Piazza San Graziano gremita nonostante l’ora (le 17), nonostante il giorno (un giovedì di metà settembre). Diversamente non potrebbe essere per un premio Nobel italiano, Dario Fo, che presenta il suo ultimo libro su Lucrezia Borgia, La figlia del papa, e dialoga con Dacia Maraini.

Ancor prima dell’incontro Fo è circondato da giornalisti e ragazzi che lo ascoltano mentre parla, panama bianco in testa e l’immancabile sorriso sornione sul volto. Poi è il momento di calcare il palco per replicare alle domande della Maraini, a cui Fo risponde da attore, in piedi, recitando il suo pensiero e la storia che ha scelto di narrare nel libro.

Una storia famosa, quella di una donna figlia del papa, Bonifacio VIII, sorella di Cesare Borgia, il Valentino, e forse amante di entrambi. La storia ha sempre descritto Lucrezia come una lussuriosa approfittatrice, ma Fo ha voluto narrare un’altra versione dei fatti, restituire la verità al personaggio. Dopo ricerche compiute assieme al suo team, emerge la figura di una ragazza forte, che si indegna quando le viene rivelato chi è suo padre, che è usata come merce di scambio in politica e che sa essere rivoluzionaria. Tra le pagine del libro spiccano episodi interessanti: Lucrezia è stata infatti capace di allestire un esercito per battere Venezia, impresa per nulla semplice, e di vivere una storia d’amore sincero con il poeta Pietro Bembo.

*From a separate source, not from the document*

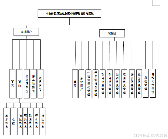 按照中医体验馆预约系统小程序的角色,划分了普通用户管理模块、管理员管理模块这两大部分。

La Maraini fa domande precise all’autore, che quasi si perde nei meandri del racconto tanta è la passione con cui racconta la vita di Lucrezia. Si vede bene la sua ammirazione per questa donna spietata, ma anche colta, sincera e diretta. Alla domanda sul senso di questo personaggio oggi, Fo risponde: “Lucrezia ci insegna come tutto si possa buttare all’aria e si possa inventare un altro modo di stare al mondo“.

Da attore e artista a tutto tondo qual è, Fo rivela anche che ha preparato uno spettacolo teatrale sull’argomento, con tanto di sagome che entrano sul palco e quadri a fare da scenografia. I ringraziamenti finali vanno a Franca Rame, presente nelle prime file, e alla Maraini: “Essere qui è il mio atto d’amore per Dacia“. Solo la presenza di un secondo incontro con l’autore riesce a fermare l’eloquenza di Fo, che si concede infine al pubblico per la firma delle copie del suo libro.

 

A succederlo sul palco Lidia Ravera. L’autrice, che ha raggiunto la notorietà nel 1976 con il romanzo “Porci con le ali” scritto a quattro mani con Marco Lombardo Radice, oggi ha all’attivo quasi 30 titoli ed è Assessore alla cultura e allo sport della Regione Lazio. Al pubblico aronese presenta il suo ultimo lavoro, “Piangi pure“, la storia di un amore senile. Alla domanda sul perché di tale argomento, la Ravera risponde:” La scrittura è un modo per esorcizzare le paure. Su 29 libri che ho scritto 20 parlano di morte e vecchiaia, perché sono un mio grande timore“. Un “amore nei tempi supplementari“, quindi, narrato attraverso il diario della protagonista, Iris, che si apre e si concede la possibilità del desiderio per Carlo, vecchio psicanalista affetto da una grave malattia.

Ma il libro affronta un anche un altro tema, quello dell’adulterio, perché Carlo è sposato. La Ravera si chiede quale sia il significato del tradimento oggi, epoca in cui il matrimonio non è più un’istituzione. Dalle pagine di “Piangi pure” emerge un rifiuto della giovinezza come unica età lecita per vivere pienamente la propria vita, una rivendicazione di alcuni spazi considerati tabù, come quello della sensualità, anche per gli anziani, sempre più numerosi nella società.  C’è anche però un dire no allo scimmiottarsi tra generazioni. Come dire che per ogni età c’è un modo preciso di vivere i diversi aspetti della vita. Ancora una volta la Ravera lotta contro gli stereotipi e le ipocrisie per l’affermazione delle libertà personali, soprattutto delle donne, temi che dal suo esordio non ha abbandonato.